## Mining Exceptional Linear Regression Models with Tree-Constrained Gradient Ascent

##### Summary

The Exceptional Model Mining (EMM) framework is a problem encountered in exploratory data mining, in which the task is to find subgroups in a dataset, for which a model induced within that group deviates substantially from the same kind of model induced on the entire dataset.
In this work, we consider the EMM problem with linear regression models, where we seek to find subgroups within which the regression model's coefficients deviate substantially from those of the global model. In particular, we consider the Beam Search (BS) strategy that is often used for solving this problem heuristically, and seek to develop a search strategy that can improve on the performance of that algorithm within this context.
Specifically, then, we propose a search strategy that uses individual records' influence on the parameter-estimation of the model within, and hence on the quality of, a subgroup being optimized during the search. The key idea is to generalize, during this search, the notion of a subgroup to that of a \emph{soft} subgroup. We use this conceptualization to rewrite the quality measure as a differentiable function of the individual records' degree of inclusion in this soft subgroup.
Optimization is then performed using what may be interpreted as a form of constrained gradient ascent. Specifically, we introduce a generalization of classification trees, which may be grown on any differentiable objective function. We show that the resulting model may be interpreted, colloquially, as trying to find the \emph{weakest} possible constraint on the objective function, while still conforming to the tree structure. Optimization is then performed by assigning all records to the tree's leafs, and the records' degree of inclusion in the subgroup is optimized \emph{en bloc}, for all records assigned to the same leaf, using gradient ascent. The tree structure then enables us, once converged, to readily express the resulting optimum in a rule-based format that is meaningful in the EMM context. We refer to this tree-constrained gradient ascent strategy as GRADCAT, for Gradient Ascent with Differentiable ClAssification Trees.
We furthermore propose a post-processing procedure that is used to reduce overfitting on the training data, and to remove superfluous conditions in the resulting subgroup description.

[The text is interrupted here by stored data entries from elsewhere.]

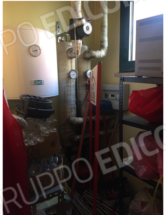
vista interna ripostiglio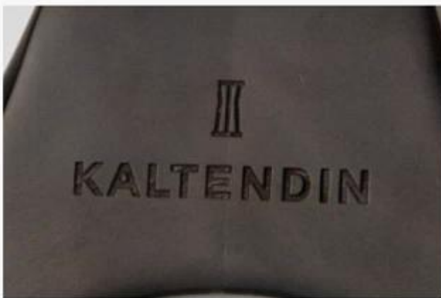
Laser logo before paint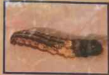
ઈંડાની પરજીવી - ડેબોન બેવીકીટકીક

પરભક્ષી કીટકો જેવા કે ટાળીયા, લીલી કુટકી વગેરેના પુખ્ત કીટકોને ખોરાક તથા રહેઠાણ મળી રહે તે માટે મગ, મકાઈ કે તુવારની અન્વ પાક વચ્ચે અમુક ફાર કે ખેતર ફરતી બે ફાર વાવવી.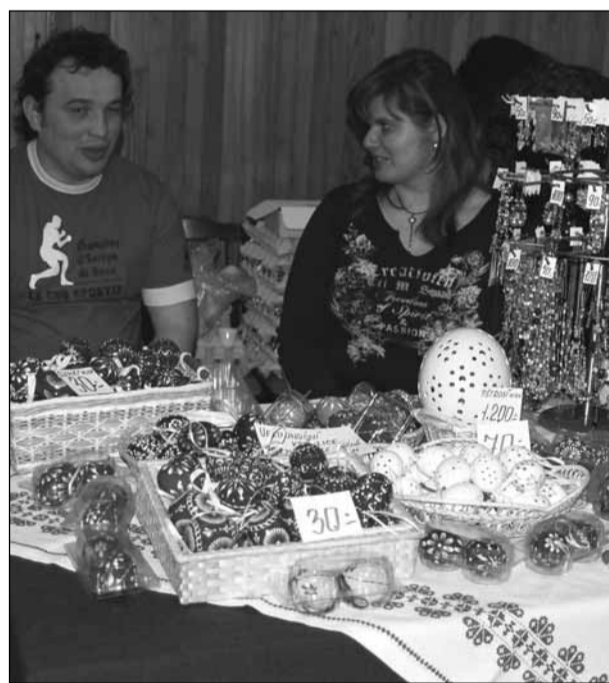
Za dveřmi. Velikonoce se blíží, a proto na tradičním jedovnickém jarmarku v sobotu nechyběly ani kraslice.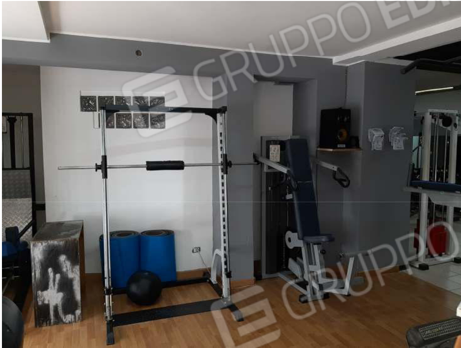
FOTO 20 - Sala attrezzi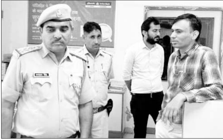
पुलिस ने वारदात के बाद मौके पर जाकर जानकारी ली।

मदनगंज-किशनगढ़, (निसं)। दिनदहाड़े बदमाश खोड़ा गणेश रोड़ स्थित इलाहाबाद बैंक में घुस गये और हथियार की नोक पर स्टॉफ को कमरे में बंद कर कैशियर से करीब चार लाख नगदी लूटकर फरार हो गये। बैंक को डायनार्माईट से उड़ाने की धमकी देने वाले बाईक सवार आरोपियों ने मैनेजर से 40 लाख रुपये की मांग की। वारदात को लेकर पुलिस ने सीसीटीवी फुटेज सहित हुलिये को जांच के दायरे में लेकर बदमाशों की खोजबीन शुरू कर दी है। इलाहाबाद बैंक में शनिवार को दोपहर करीब सवा तीन बजे दो नकाबपोश बदमाश अंदर घुस गये।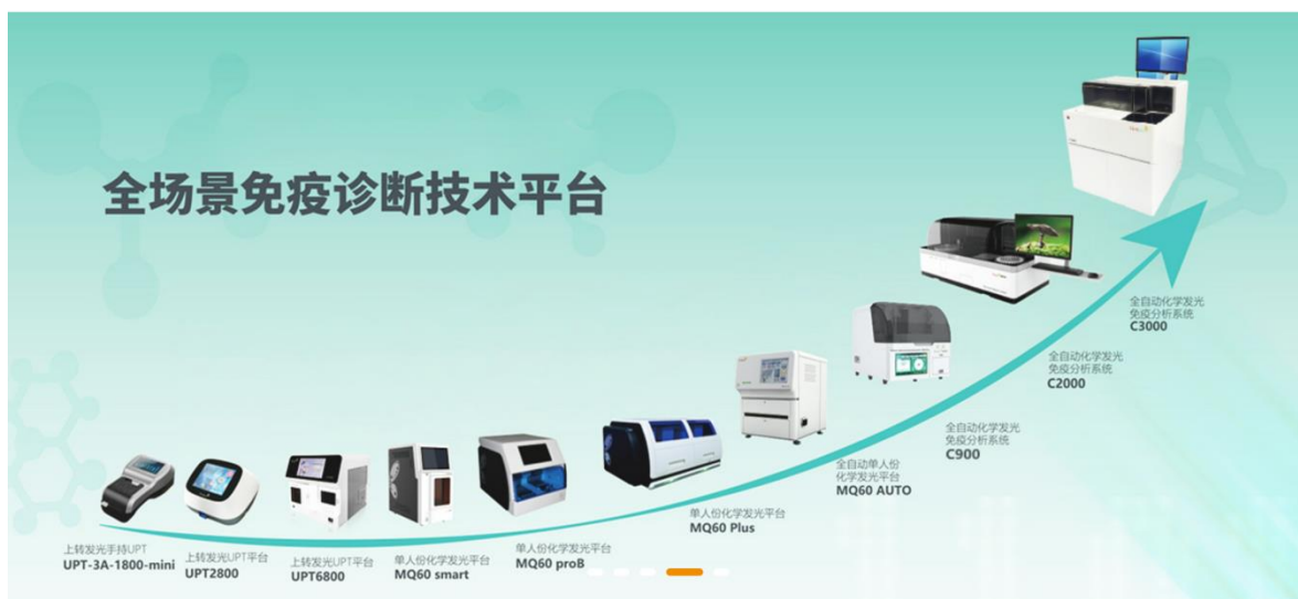
公司全场景免疫诊断平台示意图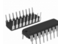
RTC-62421A EPSON IC RTC CLK/CALENDAR PAR 18-DIP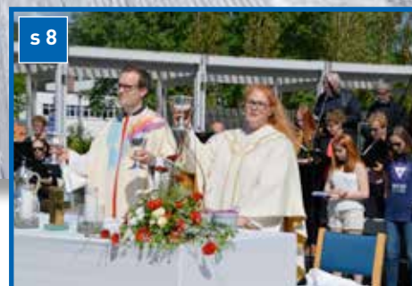
Torgmesse 27. mai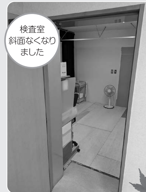
検査室 斜面なくなりました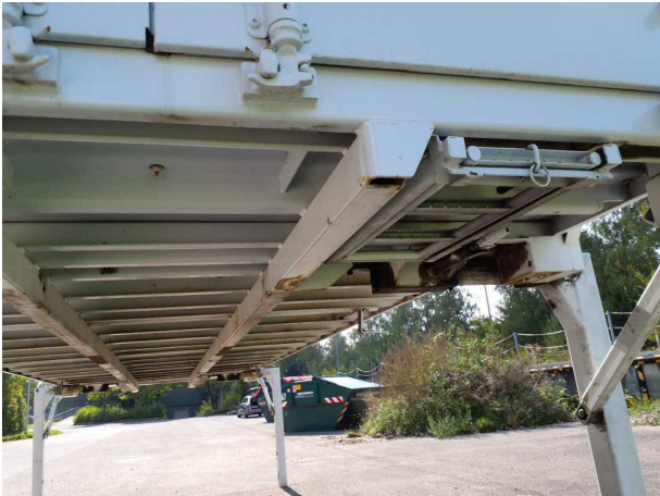
Gebrauchsspur 1: Karosserie: Karosserie - beschädigt - kein Abzug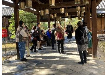
▲萬福寺伽藍見学ツアー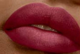
nude rose Cód. 11236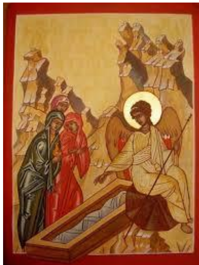
De vrouwen bij het lege graf

Moge ook jij geloven dat Pasen ook aan jou nieuwe levenskracht geeft. (Antoon Vandeputte)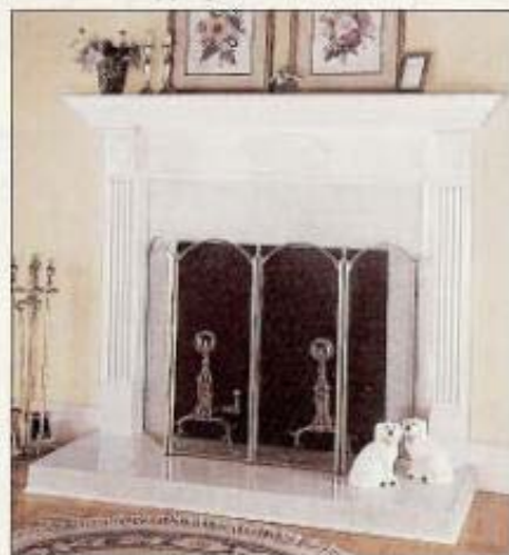
Une touche d'élégance classique! Le manteau de cheminée Héritage et l'encadrement de base sont rehaussés à l'aide de l'ensemble de pilastre et de l'ensemble d'applique rosette.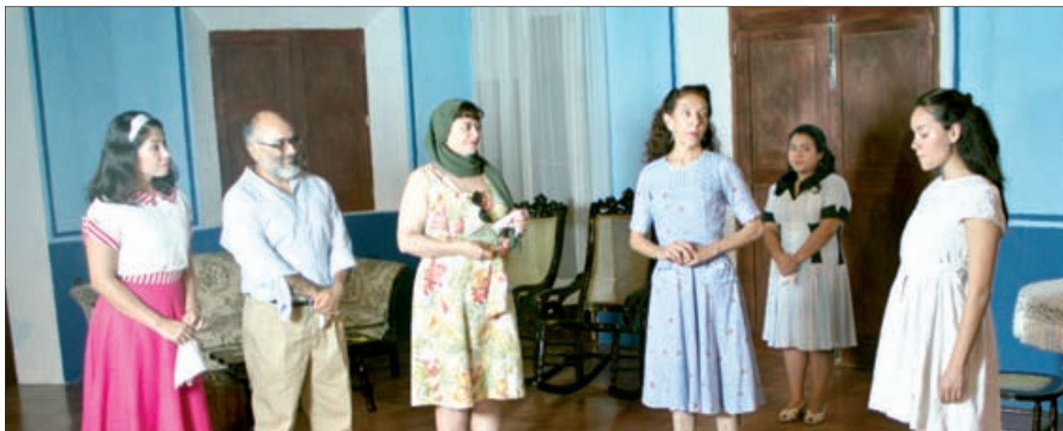
Aspecto de Rosalba y los Llaveros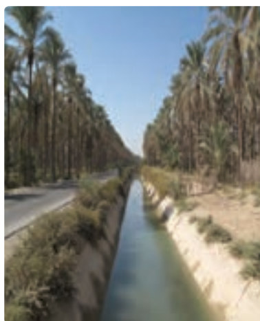
شکل ۳-۱۳- تصاویری از نخلستان‌های استان و برداشت محصول از آن

We refer in this work to the composite algorithm, which constitutes the novel EMM-specific search strategy proper, as GRADCAT-EMM.
By showing that EMM with linear regression models is a strict generalization of the Subgroup Discovery paradigm, i.e., that the latter is strictly a special case of the former, we find that the novel algorithm can also be immediately applied in that context.
Experiments are performed in which GRADCAT-EMM's performance is compared with that of Beam Search, as well as with that of a composite algorithm that uses the proposed post-processing together with the BS algorithm's method of finding subgroup descriptions. We perform these experiments on both synthetic and real world datasets. On the synthetic data, we find that GRADCAT-EMM consistently statistically significantly outperforms both of the BS-based strategies. On the real world datasets, we initially find that BS performs significantly better than both other algorithms. However, comparing characteristics of the results obtained, we argue that this does not properly reflect our preferences of these characteristics. Arguing that this is due to an oversight in the evaluation measure used, we re-run the experiments on the real world data, using an adapted measure that is meant to compensate for this observed effect. From these experiments, we find that we no longer observe a significant difference in the characteristics of the results obtained. We also find that the BS algorithm with post-processing now performs marginally better than the other strategies, but we largely fail to detect any significant difference between the algorithms.
We end up arguing that the observed relative difference in the algorithms' performance, between the synthetic and real world datasets, can largely be attributed to a difference in the characteristics of these different datasets. In attempting to characterize the difference between these datasets, we do not find a real preference for any of the algorithms if the dataset represents a relatively small and well-structured search space. However, we conclude by hypothesizing that GRADCAT-EMM may be expected to perform particularly well on datasets that represent a large search space with a very low signal-to-noise ratio.